Etobicoke General Hospital is moving ahead with privatization of housekeeping, waste management, laundry, and portering services despite strong opposition from staff represented by the Canadian Union of Public Employees. Earlier in June, the union organized a demonstration after hearing about the hospital’s privatization plan, which will impact 224 jobs.
“The hospital is making a big mistake that will hurt patients, visitors and staff,” says Erica Young, President of CUPE 145, the union representing staff at the hospital. “Evidence shows that privatization of cleaning is linked to higher superbug infection rates due to poor infection control. When you consider the potential impact on people’s lives, it’s a reckless decision that is impossible to justify.”
In Canada, superbug infections in hospitals are increasing. The Canadian Nosocomial Surveillance Program’s 2017-2021 report shows higher rates of MRSA and VRE infections.
According to the World Health Organization, cleaners “are the first line of defense against health care-associated infections, and support efforts to reduce antimicrobial resistance.”
But research shows that appropriate staffing levels and rigorous infection control practices are key to maintaining good hygiene in health care settings, which are compromised by privatization.

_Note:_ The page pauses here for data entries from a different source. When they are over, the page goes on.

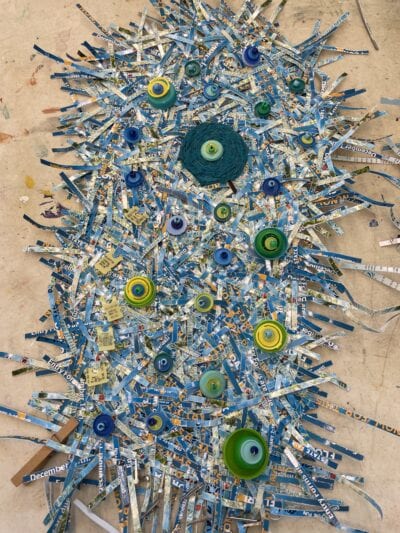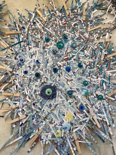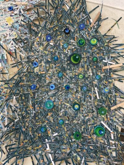 Thank you, Creative Pinellas for the chance to learn and grow and my super duper medium duty shredder!  Thanks, Gabriel for truly mentoring me. A thank you to my friends, near and far, who collected weird stuff that has turned into art.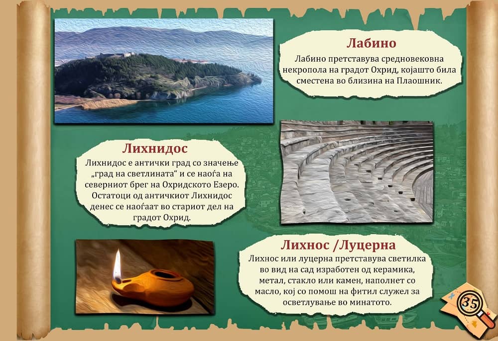 Плаошник, Лабино, Лихнидос, луцерна, погребна маска, поликонхална базилика … Ова се само неколку од термините објаснети во новото издание на литература за деца „Охридска археолошка азбука“ чија цел е да ги едуцира најмладите за културното наследство на Охридскиот Регион. Книгата ја подготвија универзитетски професори од различни области (од Филозофскиот факултет во Скопје), под покровителство на охридскиот градоначалник Кирил Пецаков.
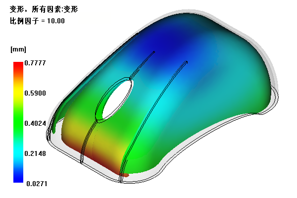 在本教程中,您将使用四型腔工具为计算机鼠标外壳设置和运行翘曲分析。方案已经提供。分析序列包括冷却、填充和保压。需要设置并运行整个序列。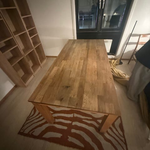 Supert spisebord, tar imot bud!❤️ Heltre eik føtter, eik finer overflate. Overflaten er en del slitt, men absolutt ikke verre enn at det er fullt brukbart. Tilstanden ellers er veldig bra. 1,75 x 95, med to ekstra klaffer som gir mye mer lengde.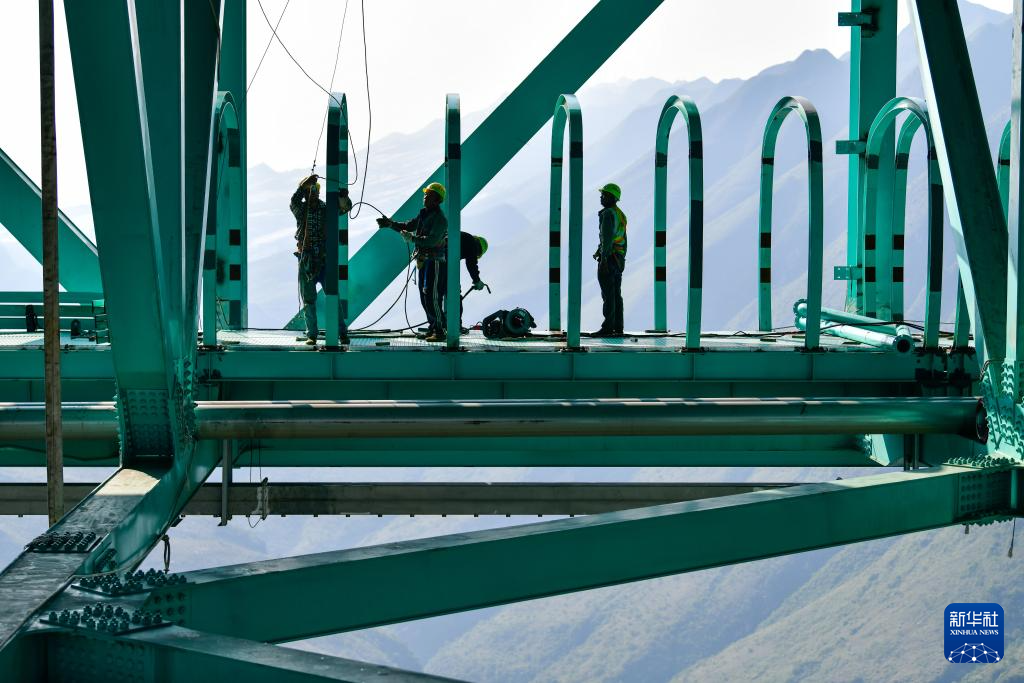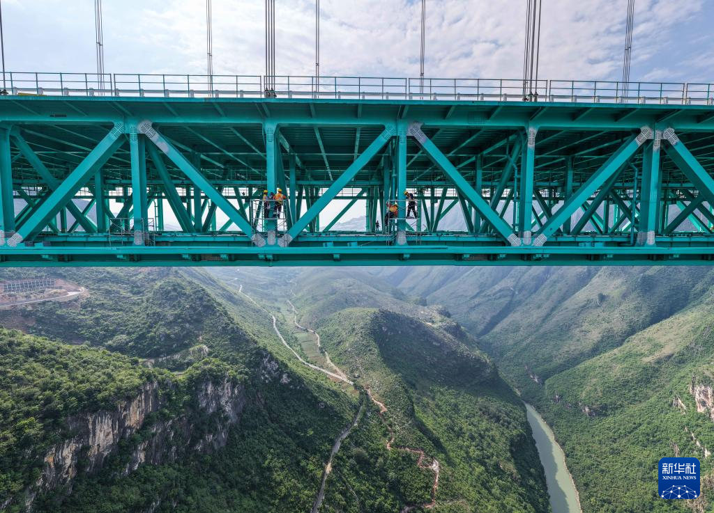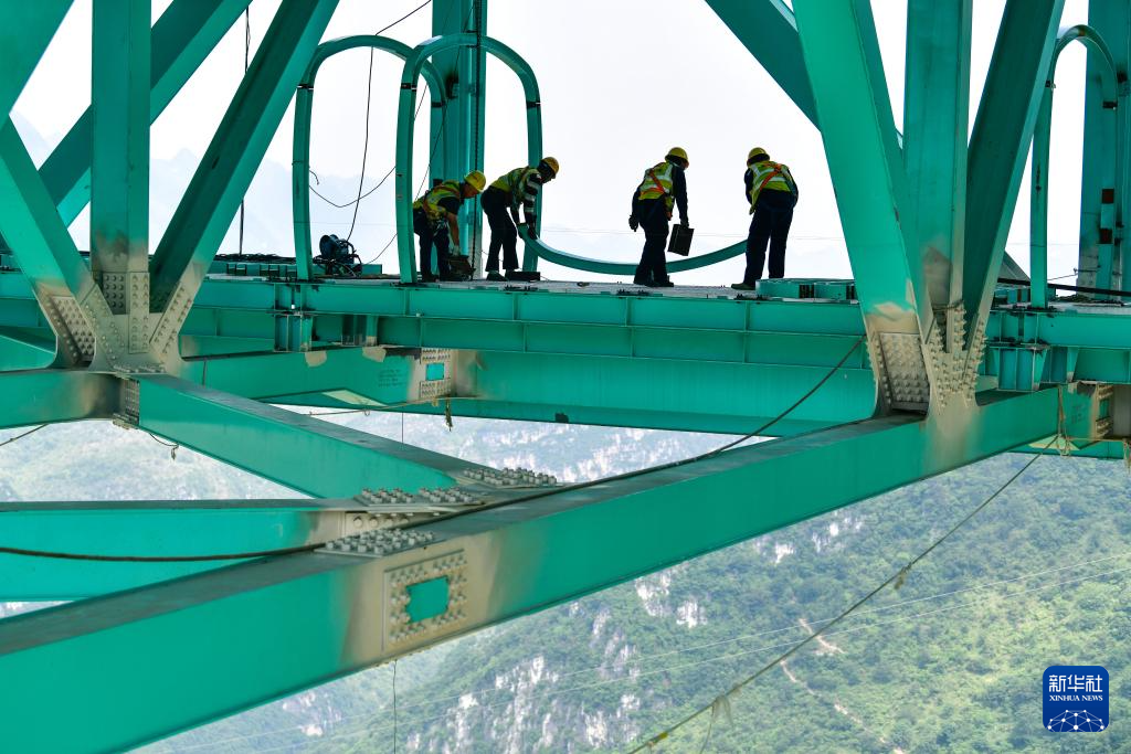 6月11日,建设者在贵州花江峡谷大桥上安装竞速跑道安全绳轨道。

“Significant profit margins for private contractors will lead to lower staffing levels, higher staff turnover, and fractured teamwork between cleaners and infection control specialists,” says Michael Hurley, president of CUPE’s Ontario Council of Hospital Unions (OCHU/CUPE). “It’s hard to believe that the hospital is willing to risk people’s lives. Hospital management should back away from plans to privatize that will surely lead to the spread of hospital acquired infections and, in some cases, death.”
Young, an operating room technician with 30 years of experience as a hospital worker, says the privatization of portering will cause delays and backlogs at the hospital due to reduced portering staff.
She said missed appointments would lengthen hospital stays and contribute to overcrowding, which would only compound the hygiene concerns caused by contracting out of housekeeping. She says the union will “wage a strong campaign that unites health care workers, community allies and residents” until the hospital reverses its decision.
The privatization of housekeeping services has failed in multiple jurisdictions, she says, citing a CUPE research report. In Scottish hospitals, after a disastrous experiment with contracting out, the prevalence of C. difficile was reduced by 37 per cent after cleaning services were brought back in-house.